## Input data
★ ★ ★ ★
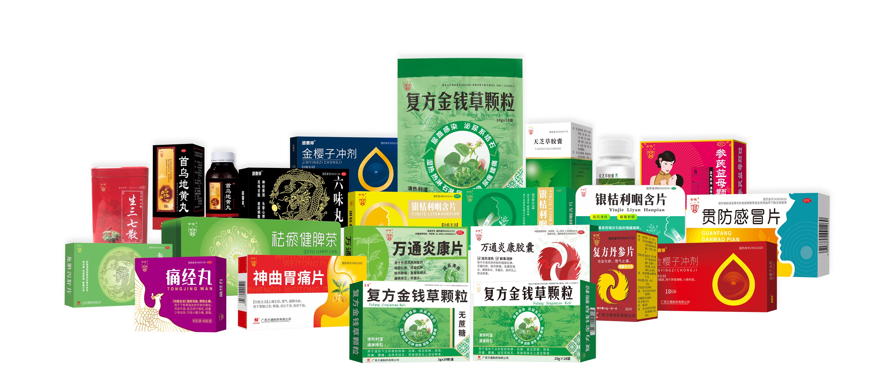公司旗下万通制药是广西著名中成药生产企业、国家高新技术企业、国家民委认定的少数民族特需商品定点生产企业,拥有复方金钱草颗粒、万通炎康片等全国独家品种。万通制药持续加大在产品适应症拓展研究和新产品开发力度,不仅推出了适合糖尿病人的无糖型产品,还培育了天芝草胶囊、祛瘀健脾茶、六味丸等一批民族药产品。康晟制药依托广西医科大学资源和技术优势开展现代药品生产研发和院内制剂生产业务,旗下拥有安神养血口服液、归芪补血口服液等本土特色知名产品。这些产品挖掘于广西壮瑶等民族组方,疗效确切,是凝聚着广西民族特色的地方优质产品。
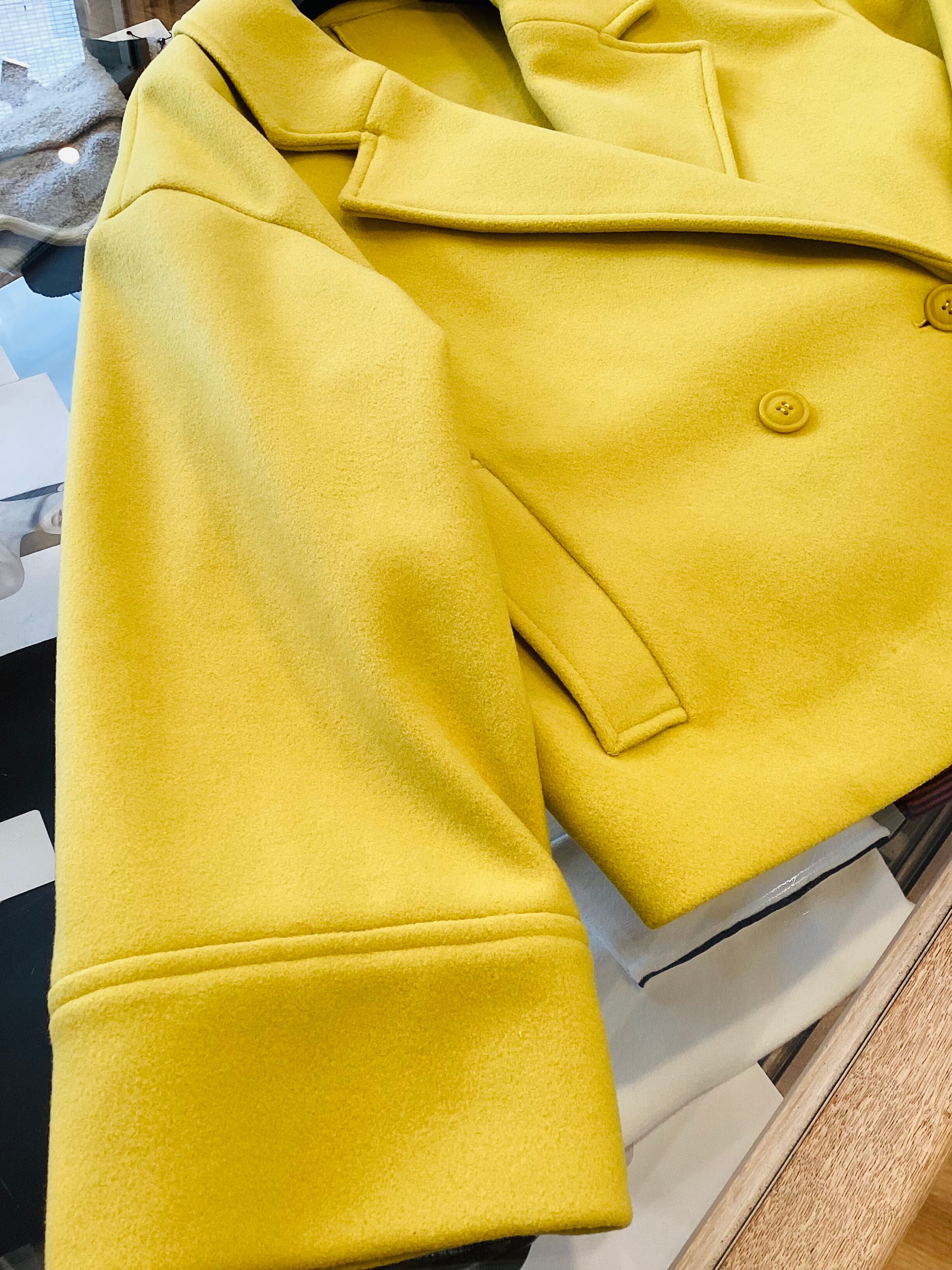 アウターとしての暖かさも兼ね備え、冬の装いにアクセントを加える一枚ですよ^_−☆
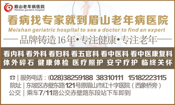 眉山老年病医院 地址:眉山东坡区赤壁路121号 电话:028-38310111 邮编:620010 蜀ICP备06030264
★ ★ ★ ★
## Problem
Everything in the material must be duplicated exactly, except the pictures.

## Answer to this task
公司旗下万通制药是广西著名中成药生产企业、国家高新技术企业、国家民委认定的少数民族特需商品定点生产企业,拥有复方金钱草颗粒、万通炎康片等全国独家品种。万通制药持续加大在产品适应症拓展研究和新产品开发力度,不仅推出了适合糖尿病人的无糖型产品,还培育了天芝草胶囊、祛瘀健脾茶、六味丸等一批民族药产品。康晟制药依托广西医科大学资源和技术优势开展现代药品生产研发和院内制剂生产业务,旗下拥有安神养血口服液、归芪补血口服液等本土特色知名产品。这些产品挖掘于广西壮瑶等民族组方,疗效确切,是凝聚着广西民族特色的地方优质产品。
 アウターとしての暖かさも兼ね備え、冬の装いにアクセントを加える一枚ですよ^_−☆
 眉山老年病医院 地址:眉山东坡区赤壁路121号 电话:028-38310111 邮编:620010 蜀ICP备06030264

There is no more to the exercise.